Copied from the stubsack:
The Inside story of Leverage Research
This should be interesting, it's about an organisation in the EA milieu that even other EAs though might be a bit too culty. Don't know who the writer Lydia Laurenson is, but she does come off as a bit of a cult enthusiast herself, and is probably more than a bit rationalist adjacent.
edit: The companion piece about the background of why she wrote it is quite a ride, if only for the biographical tidbits: she is indeed very cult adjacent, she had a spiritual experience and now believes in capital G god, she got engaged to an unnamed far-right writer but they broke up when she got pregnant.

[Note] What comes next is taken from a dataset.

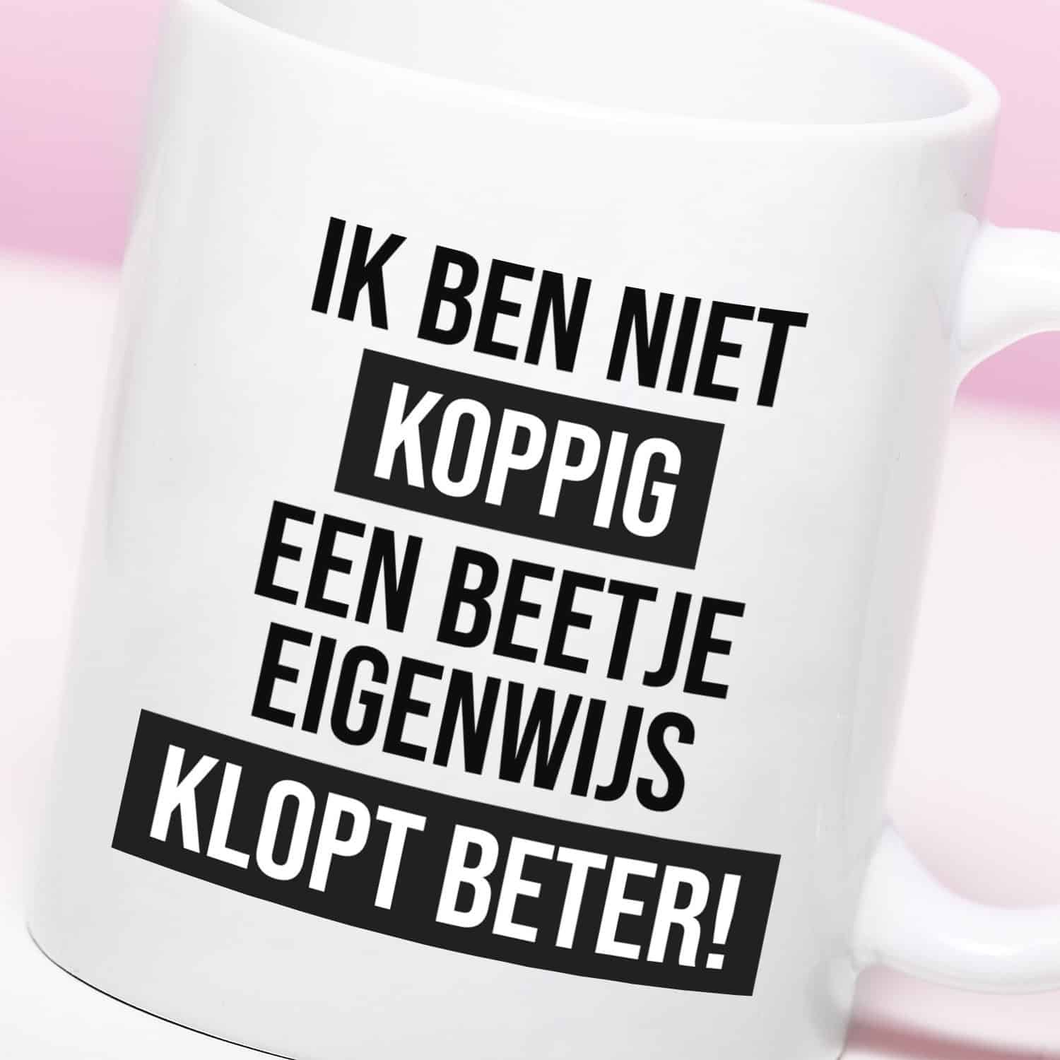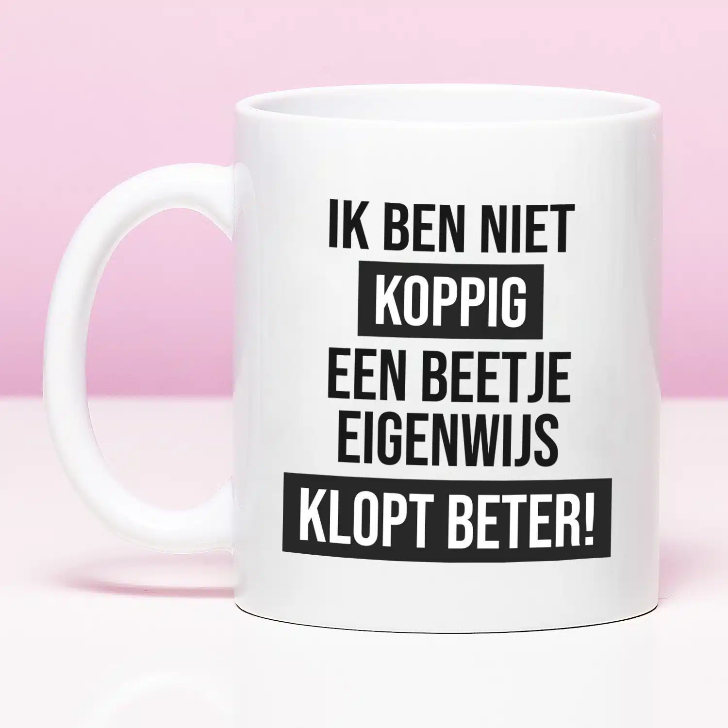Koppig? Welnee, jij niet. Een klein beetje eigenwijs misschien wel. Tenminste, dat maak je jezelf wijs. De mensen in je omgeving weten wel beter! De Mok Een beetje eigenwijs is een grappige koffiemok met de tekst: Ik ben niet koppig, een beetje eigenwijs klopt beter! Voor die dwarse collega of eigenwijze vriendin.

Also the Leverage article was contracted to appear in the New York Magazine but she pulled the story because of uh declining trust in the field of journalism, but then she goes on to imply that the real problem was that the article was shaping up as a bit too pro-Leverage:
I pulled the story once I started feeling like it simply wouldn’t be possible for me to publish a version with NYMag that didn’t carry a subtle hostility towards Leverage, not to mention affiliated communities in Silicon Valley — and, more importantly to me, hostility towards a core spiritual sensibility that I see in both myself and in the people the story describes.
edit edit: Why can't these people ever be normal: Why I Was Part Of The Neoreactionary or Dissident Right Movement In 2020
edit edit edit: Jesus fucking christ she's Curtis Yarvin's baby momma.
edit x 4: Index of the read along posts, part titles are from the original:
It's weird to see the Great Founder Theory laid out so clearly because it's basically explicitly declaring allegiance to what I was starting to call the Great Man Theory of Everything - the belief that rather than being historically contingent and reliant on circumstances as much as any personal characteristics some people are just innately "agentic" in a way that others aren't and the key to success isn't in finding a way to navigate the world but in unlocking this "agentic" quality in yourself. Notably the corollary of doing this (or of being one of those special innately "agentic" people) is that you have the right and duty to impose your will on the malleable clay of the world and people around you. I maintain that this is the rotten kernel at the heart of so many of the batshit weird things that the rats believe and do, and the fact that it simply isn't true is why their broader schemes keep sputtering out or failing, though with enough money and power behind them that they continue to leave a frankly impressive amount of human suffering in their wake.